By Dean Seal
A subsidiary of commodities trader Gunvor Group will pay about $661 million in fines and forfeiture after pleading guilty to bribing Ecuadorian officials.
The U.S. Justice Department said Friday that Gunvor S.A. was charged with conspiring to bribe officials of Ecuador’s state-owned oil company in order to obtain contracts to buy oil products.
Gunvor pled guilty to the charge and was sentenced by a federal judge in Brooklyn to pay $374 million in fines and $287 million in forfeiture of ill-gotten gains.
Switzerland-based Gunvor said Friday that it takes responsibility for the actions of certain former agents and employees, who all stopped working with Gunvor before the Justice Department started its investigation. Gunvor also said its extensive cooperation with the investigation resulted in a lower fine.
“As a company Gunvor made mistakes at the time, for which we are sorry and that we have worked diligently to fix,” Gunvor Group Chairman Torbjörn Törnqvist said in a statement.
The sentence includes millions of dollars in credits for amounts Gunvor pays to resolve parallel investigations by Swiss and Ecuadorian authorities into the scheme, so long as those payments are made within the next year.
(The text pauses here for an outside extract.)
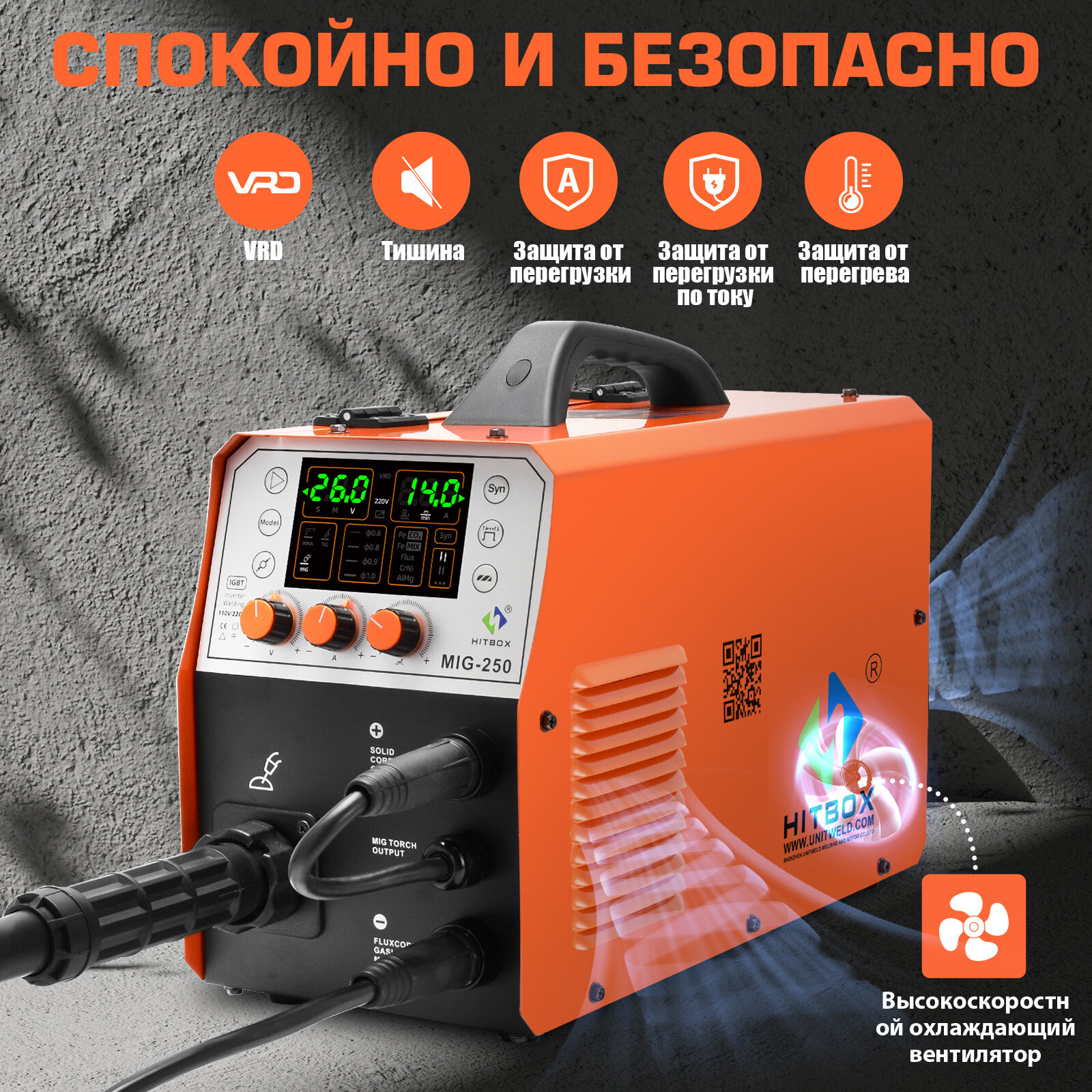 Сварочный аппарат инверторный / Сварочный полуавтомат без газа, с газом HITBOX MIG250 6 в 1 интересное:

The government said that from 2012 to 2020, Gunvor and co-conspirators paid more than $97 million to intermediaries that would use some of the money for bribes to numerous Ecuadorian officials, often routed through U.S. banks using shell companies in Panama and the British Virgin Islands.
Gunvor brought in more than $384 million in profits from the business it obtained this way, according to the Justice Department.